The union’s 25,000 bus driver members, from over a dozen bus companies in London are demanding ‘sector wide negotiations’ between their union Unite and their employers, to close the massive disparity of up to 25 per cent, in their pay and terms and conditions.

Unite says that collective negotiations will bring greater job security. The current system has led to many bus drivers being paid up to 25 percent less despite doing the same job for the same employer. The pay some bus drivers receive can be as little as £17,000 depending on the company they work for.

London bus companies are required to compete to win routes put out to tender by Transport for London.
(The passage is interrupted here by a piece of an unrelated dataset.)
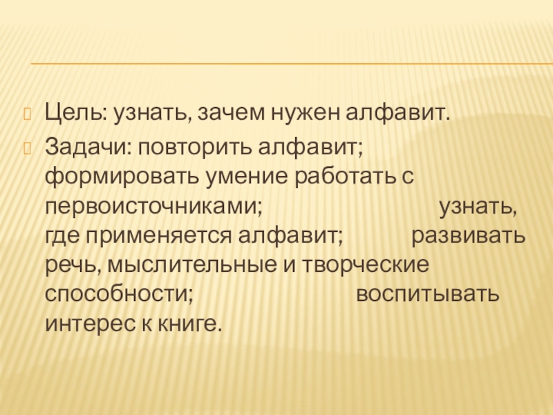 Цель: узнать, зачем нужен алфавит.Задачи: повторить алфавит;						формировать умение работать с первоисточниками;							узнать, где применяется алфавит;			развивать речь, мыслительные и

The explosion in competition has led to an unprecedented squeeze on the pay, terms and conditions of all bus workers, as individual bus companies choose to bid low to maximise profits at the expense of these dedicated workers.
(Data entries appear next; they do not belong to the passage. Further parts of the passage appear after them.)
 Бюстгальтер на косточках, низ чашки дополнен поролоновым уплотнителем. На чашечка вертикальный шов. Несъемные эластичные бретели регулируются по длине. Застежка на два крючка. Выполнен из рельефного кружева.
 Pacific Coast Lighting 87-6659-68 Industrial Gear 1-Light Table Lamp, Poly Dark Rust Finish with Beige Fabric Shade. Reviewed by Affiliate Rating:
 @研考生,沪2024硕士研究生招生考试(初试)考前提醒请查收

Unite general secretary Len McCluskey, who will be addressing the bus drivers at the rally tomorrow, said: “With decentralisation and the sell-off of routes, London’s bus drivers’ wages have taken a hit and vary drastically from company to company. It is madness – there ought to be a common, decent rate for the job.

“The drivers have had enough and demand these operators work with form Unite to bring some sense to this situation.

“Only a forum that brings employers and the workers to the table, through their union, is what will bring continued improvements to terms and conditions.”

Peter Kavanagh, London and Eastern regional secretary who will also speak at tomorrow rally, added: “London bus drivers keep this city on the move, delivering an ever improving and efficient service to around six million passengers every day. It is time we had a sensible arrangement for discussing pay and conditions to ensure all drivers are rewarded properly for their efforts.

“Currently, people driving the same buses, with the same training requirements and governed by the same regulations, are subject to the whims of twenty separate sets of negotiations, leading to more than twenty different rates of pay. We want, and we are determined to achieve, a sector wide bargaining arrangement for all of our 25,000 driver members.”